PRIMAKOV’S VISIT TO THE MIDDLE EAST: HIGH PROFILE, FEW RESULTS

Publication: Eurasia Daily Monitor Volume: 2 Issue: 31

In recent months, Moscow has launched several foreign policy initiatives as part of an effort to recapture something of its vanished influence in the Middle East. Since 1991 Russian officials have periodically claimed that Arab leaders have solicited Moscow’s return to the region to counterbalance the United States. In January Russian President Vladimir Putin hosted Syrian President Bashar Assad (see EDM, January 26) and visited Turkey (EDM, January 18) to enhance Russia’s economic and political positions throughout the region. Russia, as these visits indicate, seeks to enhance its position by gaining major footholds in the local energy and arms markets. Russia also is trying to carve out a space within which it can have good relations with both Israel and with Arab states. To signal its intentions, Russia sent a large delegation led by Yevgeny Primakov, now head of the Russian Chamber of Commerce and a veteran Kremlin Middle East expert, to the Russo-Arab Business council in Beirut and to meetings in Syria, Jordan, and Iran.

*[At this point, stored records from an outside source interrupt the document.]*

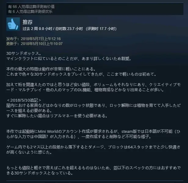 游戏中很多东西都是锁定状态,需要培养和收集才能解锁。游戏启动时需要创建mini账号,但是Steam不支持日语。游戏中如果从2格以上的高度掉下来会受伤。 不过整体来说,没有比这个更好的了,非常推荐的一款3D沙盒游戏。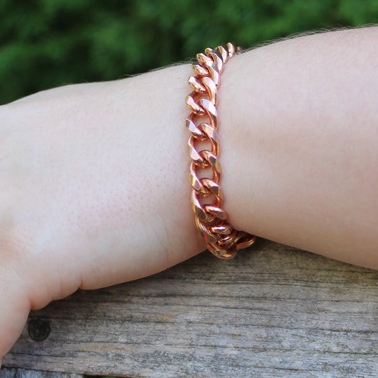 Copper Curb Chain Bracelet Bold 10mm Pure Copper Bracelet Chain All Sizes Strong Magnetic Clasp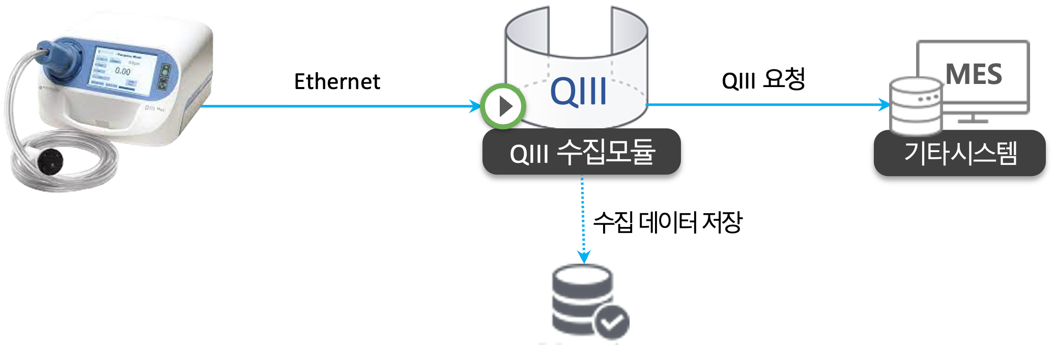 QIII 연동 모듈은 QIII에서 측정한 데이터를 주기적 또는 필요 시점에 측정 데이터를 수집하여 DB화 하여 분석보고서 자료를 제공하고, 필요시 MES등 연계 시스템을 실시간 데이터 연동을 제공합니다.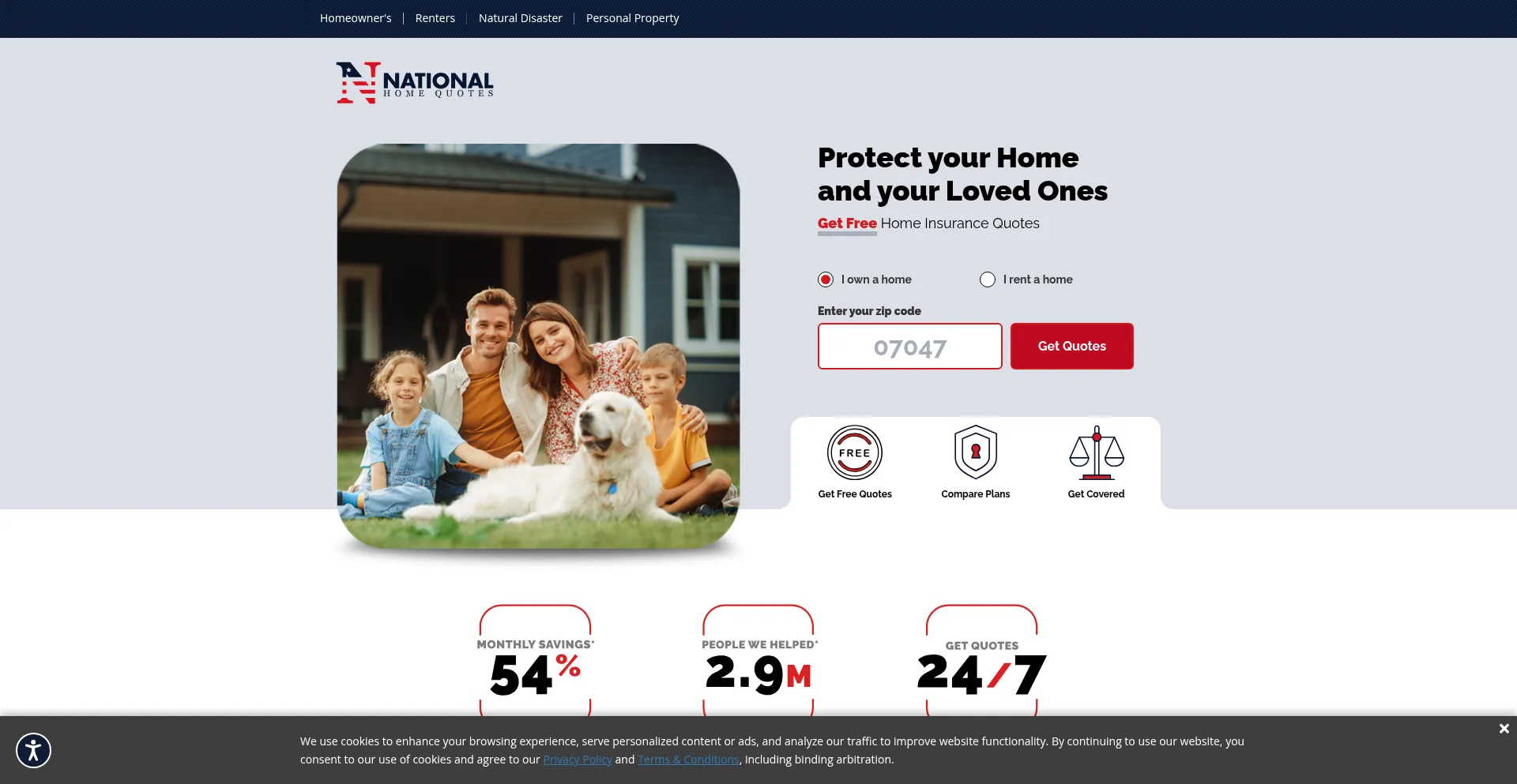 该网站实现符合GDPR或CCPA等隐私法规的cookie同意机制。这表明 nationalhomequotes.com 遵守数据保护标准并为用户提供对个人数据收集实践的控制。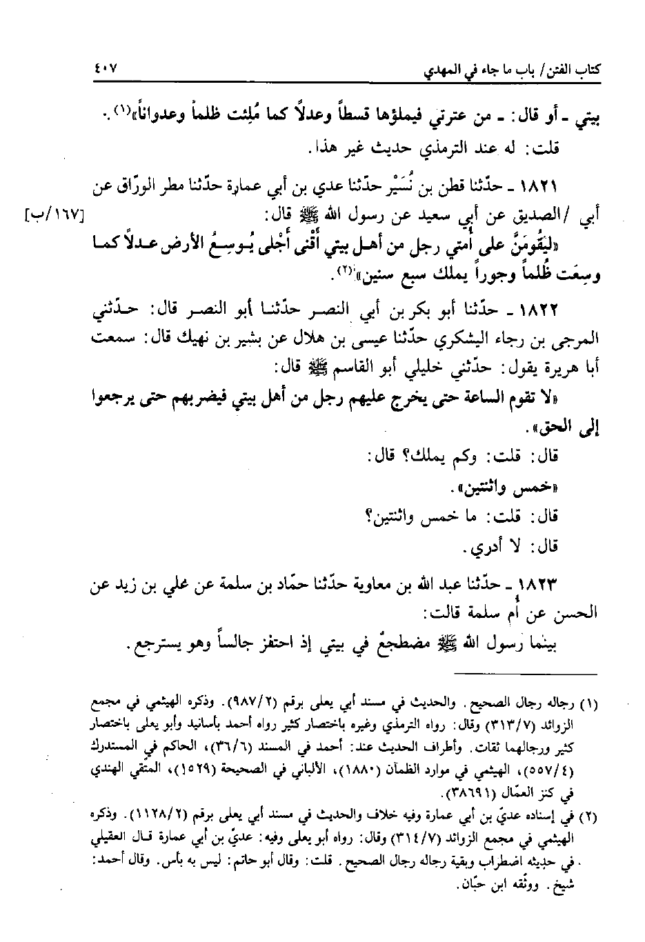 بَيْتِي - أَوْ قَالَ: - مِنْ عِتْرَتِي فَيَمْلَؤُهَا قِسْطًا وَعَدْلا كَمَا مُلِئَتْ ظُلْمًا وَعُدْوَانًا ".

Russian leaders are making no attempts to conceal their effort to recover lost positions and gain new footholds in the Middle East, particularly through Syria. Primakov maintains that Russia has considerable geopolitical interests in the Middle East and that its economy complements those of the Arab sates. Yet in fact, there are few actual programs between Moscow and local governments, and Syrian energy projects are by no means top-of-the-line contracts. In Syria Primakov claimed that Russian and Arab interests were particularly close, and he launched attacks against those whom he said made no secret of the fact that they responded to terrorism by seeking “to divide the world along national-religious lines,” another example of mendacious anti-American propaganda and a crude attempt to exploit those lies for the Kremlin’s benefit.

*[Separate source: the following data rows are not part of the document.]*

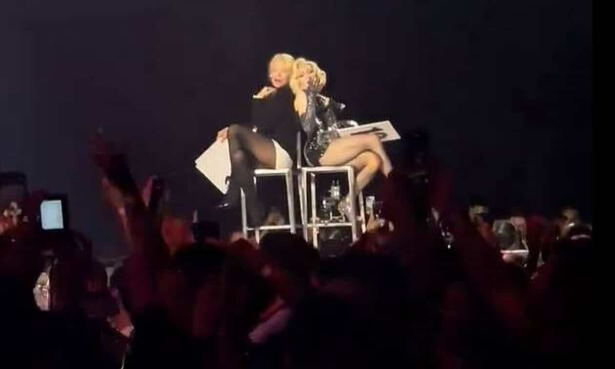 Οι δύο εντυπωσιακές γυναίκες μοιράστηκαν την ίδια σκηνή, αντάλλαξαν φιλιά και αγκαλιάστηκαν με το κοινό να αποτυπώνει την στιγμή αυτή και να ουρλιάζει από τη χαρά του.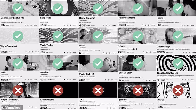 As contas de adolescentes puderam participar de uma série de comunidades X dedicadas ao compartilhamento de conteúdo sexual, conhecidas como ‘Virgin Trades’ ou ‘Goon Groups’.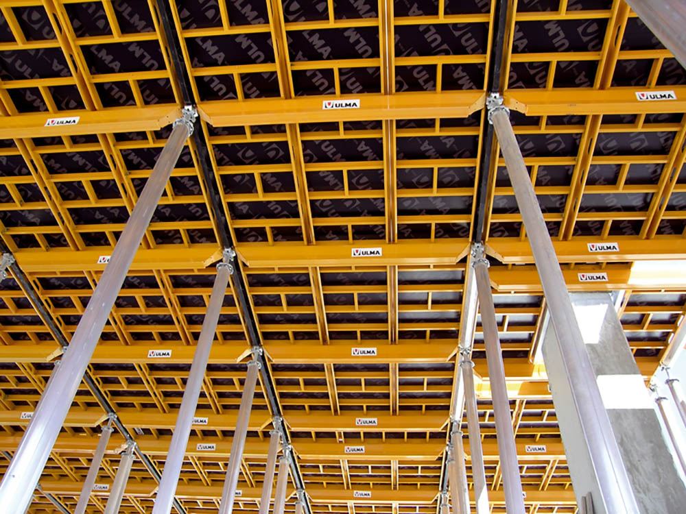 Ideal pour les dalles de bâtiment, surtout pour les grandes surfaces, avec géométrie et portées régulières entre poteaux et haute exigence de finitions. Composée de têtes CC, poutres, transversales TE et panneaux. Les panneaux composent la plus grande partie de la surface coffrante. Répercussion de 0,29 étais/m2 (dimension de la maille standard: 2,32 x 1,5m).
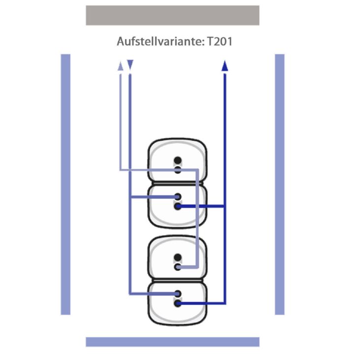 - bei ein- und zweireihiger Aufstellung: an einer Stirnseite 400 mm alle anderen 50 mm Wandabstand

Primakov also claimed that the political climate for expanding Russo-Syrian commercial ties is more favorable than ever, yet few tangible contracts seem to have emerged from his talks. Possibly Russian companies may receive contracts to replace U.S. and Canadian companies that now produce oil and gas in Syria, and discussion of construction of the gas pipeline from Syria to Lebanon and Turkey is also taking place. This pipeline would supply natural gas from Egypt, which is already supplying Jordan. Yet at the same time, the fiasco over weapons undoubtedly casts a pall over these relations, especially as Syria wants weapons, cannot pay for them, and Putin will not antagonize Washington and Jerusalem merely to gratify Primakov.

Nevertheless Primakov used his time in Syria to slam both Washington and Jerusalem for bringing pressure to bear upon Russia regarding projected Syrian arms sales. He also claimed that Syria is ready to negotiate with Israel without any preconditions, and that Israel refuses to negotiate with Damascus. He declared that the allegations that Syria supports terrorism are groundless, a fact that he knows to be false, and that these charges therefore reflect an effort to isolate Syria. Primakov still views Washington and Israel as Russia’s enemies in the Middle East, and essentially he believes that the Cold War has continued there. At a time when Russia claims its number one enemy is international terrorism, it is more than a little strange that he is defending Syria against charges of supporting terrorism that he himself knows to be incontrovertible.

Primakov subsequently led his delegation to Iran to establish a Russo-Iranian trade council and to enhance exchanges of commercial information. The Russian delegates represented banks, companies specializing in foreign trade, aircraft manufacture, communications, information technology, investment, transportation, and the production of metal, oil, and natural gas, so it obviously seeks to enhance Russia’s economic ties with and position inside of Iran, although no deals were reported to have been concluded or signed there.

In general Primakov’s visit confirms that the Kremlin is making serious efforts to regain its regional position in the Middle East, but its point man there seems to have a strategy of appealing to the past rather than to the present or to the future. Moreover, an approach based on selling arms to Syria — which could not pay its prior debts to Moscow — makes no economic sense, which allegedly is the key national interest for Putin. Second, the mission contradicts Putin’s efforts to build up a strong political and commercial position with Israel and to be taken seriously as a member of the international group trying to bring peace to Israel and the Palestinians. Finally the economic results of Primakov’s visit appear for the moment to have been meager. While time will tell how well Moscow can play in the Middle East, it seems from this vantage point that it still has a long way to go both materially, and no less importantly, cognitively, before it can return to being even a shadow of its former self there.

(Itar-Tass, February 7; Russian Television Channel One, February 7; Info-Prod Research Middle East Ltd. February 8; RIA-Novosti, January 25, February 7, and February 10; Diplomatic Panorama, February 10; Lenta.ru, February 8; deepikaglobal.com, February 10).